Overcoming the local police, they proceeded to take one of the Irish Board of Agriculture's model farms about three-quarters of a mile from Athenry, and having captured the place and appropriated all money, settled for the night.

The next day, after a vain attempt by the police to dislodge them, they marched, several hundreds strong, with a whole train of wagons and carts filled with food of every description, towards Loughrea, where they captured Lady Ardilaun's seat, Moyode Castle, from the lonely caretaker, John Shackleton, and his pretty eighteen-year-old daughter Maisie.

A curious figure now appeared in the person of Father Feeny, who, according to Hugh Martin, appears to have exercised as much control over the men as the "Captain" himself.

His influence seems to have been on the whole for good, for the account describes him as hearing the men's confessions and insisting that the fifteen to twenty young colleens who were one of the most curious features of the local rising, marching beside the men and doing all their cooking, should be separately accommodated in the castle at night.

Some isolated R.I.C. men who happened to fall into their hands were treated as prisoners, but when on the Thursday afternoon the police from Athenry made an attack, they were chased with motor-cars for a distance of about four miles back to Athenry, where the forces of the Crown only just managed to get into their barracks in the nick of time.

The next day—Friday—saw the positions reversed, and news reached the rebels that troops and artillery were on their way from Loughrea, some six miles' distance, and it was the rebels' turn to turn tail, scattering as they went to right and left, in spite of every effort of "Captain" Mellows to encourage them with stories of the coming invasion by Germany.

Some made for the hills, others tried to get back to their homes, but most were seized by the Belfast police, in cars driven by Ulster Volunteers, and those who did get back had to face not only the taunt of ignominious defeat but the anger of the Redmondites, who now foresaw the possibilities of a retribution quite out of all proportion to the chances they had ever had of success.

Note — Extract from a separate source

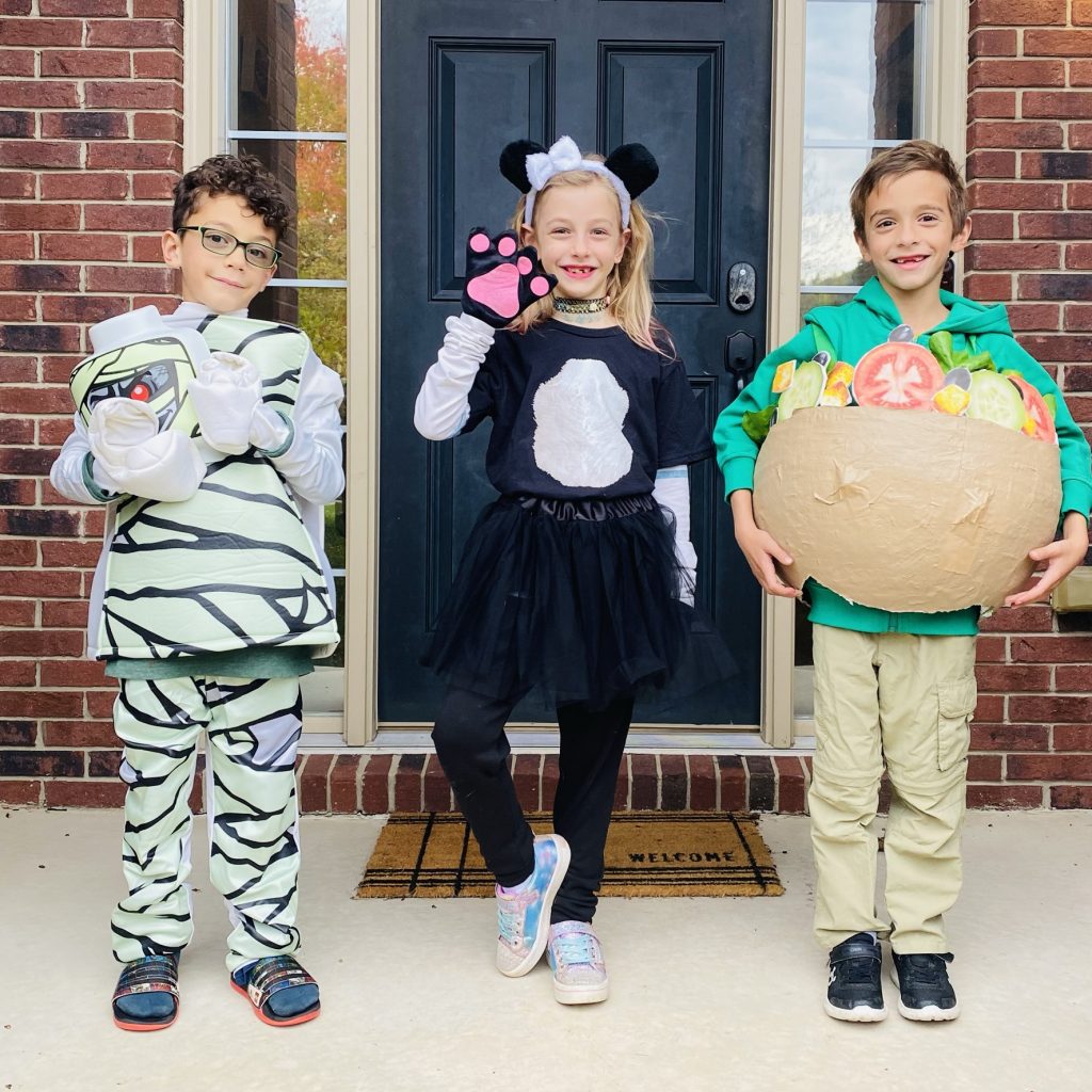 Halloween!! We gave costumes a test drive on Thursday afternoon before the kids wore them to school on Friday. We have Steven the LEGO Skeleton, Amaya the Panda and Sammy the Salad.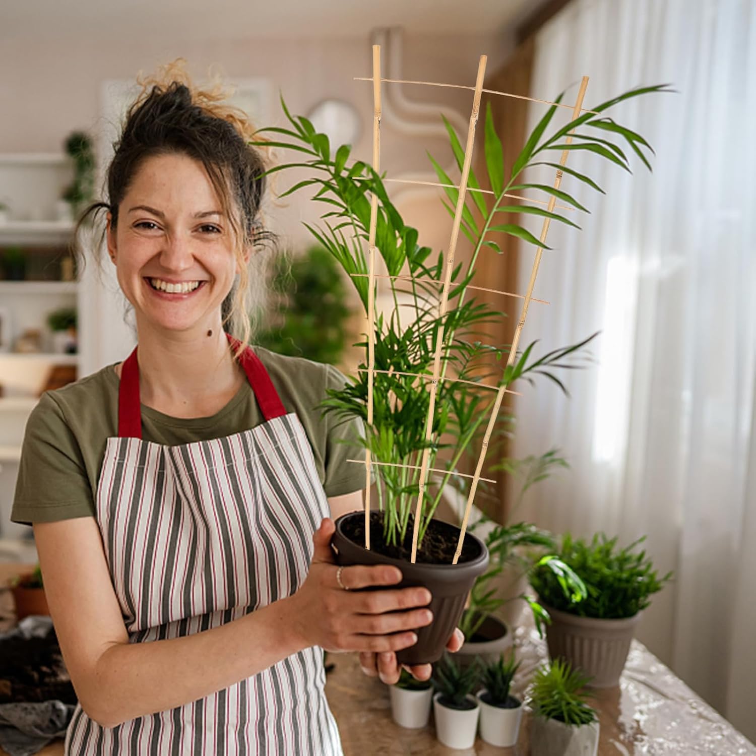 - QUALITY : Jollybower premium bamboo trellis are hand selected and made from natural and renewable materials. Bamboo plant lattice has been fumigated twice to ensure strong quality and long life. Small plant trellis are very flexible, durable and can support climbing plants, so our potted plant supports will not be easily blown down by the wind.

Indeed, that seems to have been the general result of the collapse of the rebellion all over Ireland; and though at first it apparently tended to weaken the hands of the Irish Constitutional leader—who, when the news came to him, must have felt as he had on that famous occasion when, as a young man, five minutes before having to make a great speech near Manchester, he was handed the news of the Phoenix Park murders—on the whole it really considerably strengthened his position, much in the same way as the revolt of De Wet brought out the loyalty of General Botha.

Botha, indeed, was one of the very first to see the similarity of the two cases, and wired at once to Redmond, though it can of course only be taken as a very superficial verdict of the South African Premier on the real grievances underlying the movement, since he could hardly be expected to understand Sinn Fein, much less those subtle provocations which eventually counselled the mad appeal to Germany; for there can be little doubt but that, if Castle rule had prevailed in Pretoria as it still does in Dublin, South Africa would long since have been a consenting party to German occupation.

This, however, was only one of the subtler aspects of the rising which hardly found its way across the Channel, and consequently could scarcely be expected to appeal to a colonial who was not an Irishman himself.

As the collapse became more general, however, it became more and more evident to intelligent statesmen that it was more a hatred of Castle rule than a love of German rule that had been at the bottom of it all, and that it had been, in spite of the bluster of foreign alliance, more an armed protest against a domestic state of affairs than a real attempt to sever the Imperial link; nevertheless, the latter idea still survived in the minds of the military authorities, who could see in it nothing else, with the disastrous results that only became evident in the aftermath.